11th hour legal moves to try to stop German nuclear transport across shonky bridges
By Diet Simon, drawing on protestor and mainstream sources
Anti-nuclear groups and a private litigant are trying to get an 11th hour court order to stop the railing on Tuesday of 200 tonnes of nuclear waste across shonky bridges in northern Germany.
"Our lawyers are looking at the legal possibilities,“ says Kerstin Rudek, chairperson of one of the groups, the Bürgerinitiative Umweltschutz Lüchow-Dannenberg (BI), which usually fights nuclear dumping at the village of Gorleben.
The other litigants are the BI gegen Atomanlagen Uelzen, the Anti-Atom-Initiative contrAtom and a resident of Lindow which is situated near a shonky bridge.

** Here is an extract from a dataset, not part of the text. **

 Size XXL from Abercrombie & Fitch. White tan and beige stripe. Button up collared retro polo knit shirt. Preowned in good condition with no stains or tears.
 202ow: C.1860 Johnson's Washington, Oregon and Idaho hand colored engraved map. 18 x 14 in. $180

The plan is for a special 24-axle rail car to take the 110-tonne, 11-metre-long reactor pressure vessel of a shut-down Soviet-built power station at Rheinsberg, about 75 km north-west of Berlin, to an interim storage near Greifswald close to the Baltic Coast, 240 kms north of the German capital.

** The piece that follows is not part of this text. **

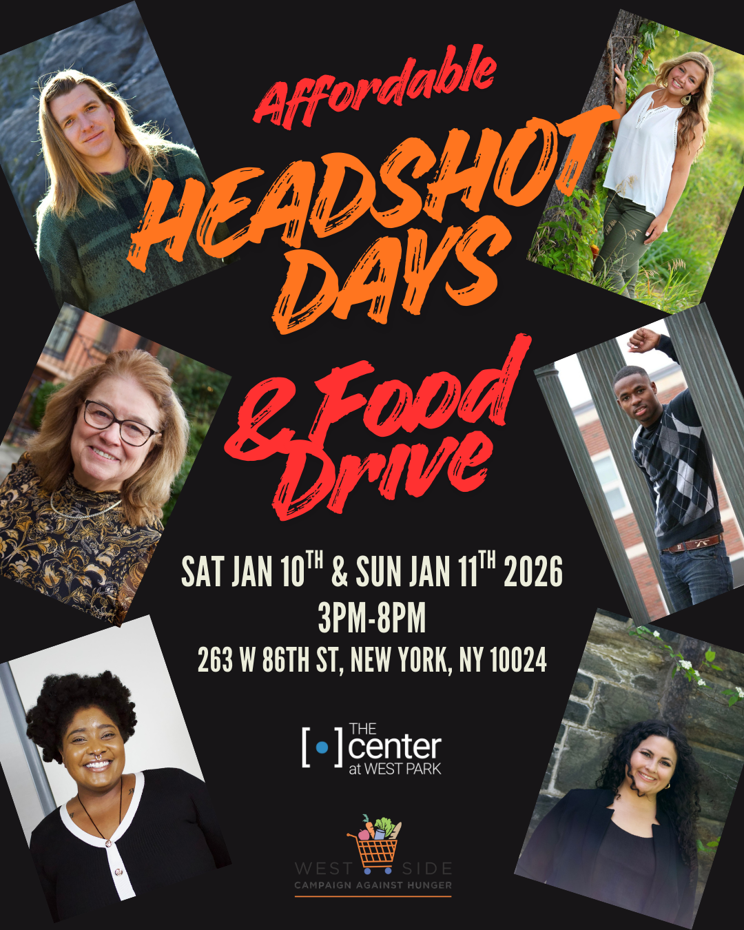 CWP Photographer Jen Leno is offering affordable, professionally photographed and edited headshots for artists and community members! Non-perishable food donations are encouraged in support of the West Side Campaign Against Hunger.

The court action will probably be directed against the Federal Railway Authority, the Federal Agency for Radiation Protection (BfS) and the interior ministry of the state of Brandenburg, which surrounds Berlin.
"We’re also checking whether an injunction can force those responsible to cancel the transport immediately," says Rudek. If others affected, such as the administration of Lindow, backed the action, chances would increase, she says.

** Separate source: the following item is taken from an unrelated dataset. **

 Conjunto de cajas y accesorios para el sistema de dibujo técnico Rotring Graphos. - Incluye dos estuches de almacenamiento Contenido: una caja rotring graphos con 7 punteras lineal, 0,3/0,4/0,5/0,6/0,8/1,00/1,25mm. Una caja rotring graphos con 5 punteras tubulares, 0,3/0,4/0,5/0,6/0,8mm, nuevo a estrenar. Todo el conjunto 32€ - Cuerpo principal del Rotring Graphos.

"With these obvious safety flaws to stick to the nuclear waste transport is culpable negligence. We demand a competent examination of the entire rail route and the suspension of the transport,“ Rudek stresses.
People living in Lindow itself have also now voiced their doubts about the safety and necessity of the transport. Head of the local administration, Hortig, for example, says he’s “disquieted and worried”. A Herr Bock, who lives directly by the tracks, has joined the suit.
Last Saturday nuclear opponents discovered massive flaws on a railway bridge in Lindow. Bernd Ebeling of the BI gegen Atomanlagen Uelzen and a structural engineer says: “You don’t need to be a technical expert to discover that here are loose bolts, rusted-through bolts and broken mountings."
German Railways has said the bridge is to be additionally supported on Tuesday to be able to carry this unusual load on a special car.
"We demand that the responsible institutions and authorities drop the planned transport date and have an independent structural expertise done on the bridge,” says Ebeling.
Jan Becker of contrAtom adds: "Such miserable state of a track still used regularly even by passenger trains makes one suspect even worse about the closed down spur to the power station.” Becker calls for all rails on the route to Greifswald to be thoroughly checked.
Protests are planned for Monday and Tuesday in Rheinsberg and Greifswald as well as along the entire route the waste will run.
Between 50 and more than 100 people demonstrated in Greifswald on Saturday (see links to road map of the area and pix below).
Local opponents say more than 100 people walked in procession through the centre of Greifswald, whose population is roughly 55,000, including about 11,000 students of the traditional University of Greifswald. The dpa news agency reported 50 demonstrators. Police said the demonstration went off quietly.
Speakers at the rally were from Rheinsberg, from the county of Lüchow-Dannenberg, which has probably Germany’s best-known nuclear dump at Gorleben, and from the port city of Rostock. Protest clowns from Rostock added a splash of colour to a grey autumn day.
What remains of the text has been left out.